Homily: Janaury 28, 2028, Catholic School Week Celebration Mass

 “But those sown on rich soil are the ones who hear the word and accept it and bear fruit thirty and sixty and a hundredfold.”

I am sorry that Bishop Joensen cannot be here to celebrate this Mass for you. He ran into me while he was searching for someone to take this Mass, so here I am. While I am no worthy replacement, I do feel honored to preside at this Mass for you, administrators, teachers, and staff of our Catholic schools.

I would like to first thank all of you for your great work in forming faithful disciples for Christ and nurturing good citizens for this country and for the world. Your work matters, and the world surely needs more educators and collaborators like you. We appreciate you and are truly grateful for all that you do.

I am from India. I have one brother and five sisters. My parents passed on some years ago. We lived in a farming village and I grew up helping on the farm every day. My parents were never really worried about my brother’s or my studies, because for us boys, even if we failed in our studies, we can always work on the farm that our parents hand over to us.

But when it came to my sisters, it is different. In India, if girls do not have a good education, their future can be very challenging, with very limited options. So my parents were very demanding with their studies, constantly encouraging them to get good grades, to find stable jobs in the future. And my sisters all did well in school.

While my brother and I were just having fun and taking it easy. Often, we were just barely passing the tests. By sixth grade, I got worse, scoring less than 10% of the total Score. I felt embarrassed and ashamed, and only then did my mummy begin to worry. My teachers gave up on me, but honestly, I gave up on them too!

Then something unexpected happened. A new nurse came to our local government clinic, and her husband Joseph came with her to our village too. He was a university professor, but he was bedridden due to an accident. My mother spoke with him and asked if he would tutor my brother and me. He agreed but refused to charge us any fee. He simply told us to give him whatever we could afford.

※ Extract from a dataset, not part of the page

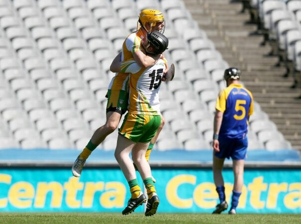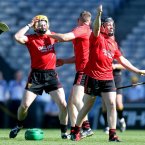 IT WAS CELEBRATION time today in Croke Park for the hurlers of Down, Donegal and Warwickshire.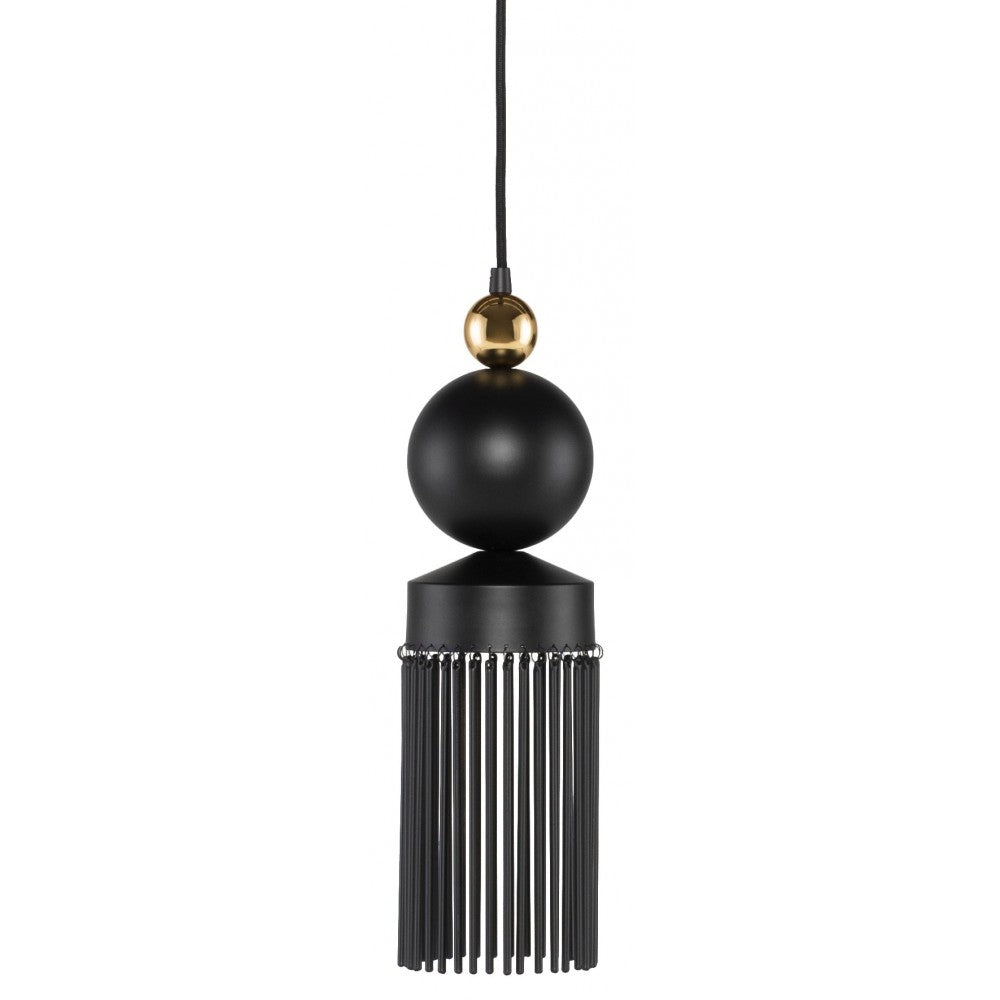 Artfully designed, the Fabiola pendant resembles an eye-catching piece of jewelry. A striking gold sphere rests on a larger ball, while delicate matte black tassels enclose the lightbulb. This poised design is perfect for wherever you're looking to make a statement.

And the teaching began. I would walk to his house after school and learn from him. He started with Math, then Hindi, Malayalam, science and eventually all the subjects. Somehow, he seemed to believe in me. It is something I cannot understand since my results were so poor to begin with.

However, I began to enjoy our lesson time together. I got interested in the subjects, I started asking questions, I was actually enjoying studying. For the first time, learning became a joy. Slowly but surely, my test scores began to improve. I was scoring better with every test. It felt like a miracle. Sadly, my progress stalled after he and his wife left the village.

Looking back, I realized something important in my education journey: I was not bad soil. I was soil that had never been properly cultivated.

That brings us to today’s Gospel—the Parable of the Sower.

Teachers, truly, you are the sowers. Every day you scatter seeds of knowledge, discipline, faith, attitudes and virtues. You do not control the quality of the soil. You do not decide how quickly the seed grows. But without you, no seed would be sown. Without you, the soil lays barren and will not be cultivated.

Yes, there are different types of students, different types of soil, but there is always the rich soil, that could bear great fruit - thirty, sixty, and a hundredfold. Sometimes we can tell which is rich soil, sometimes we can’t.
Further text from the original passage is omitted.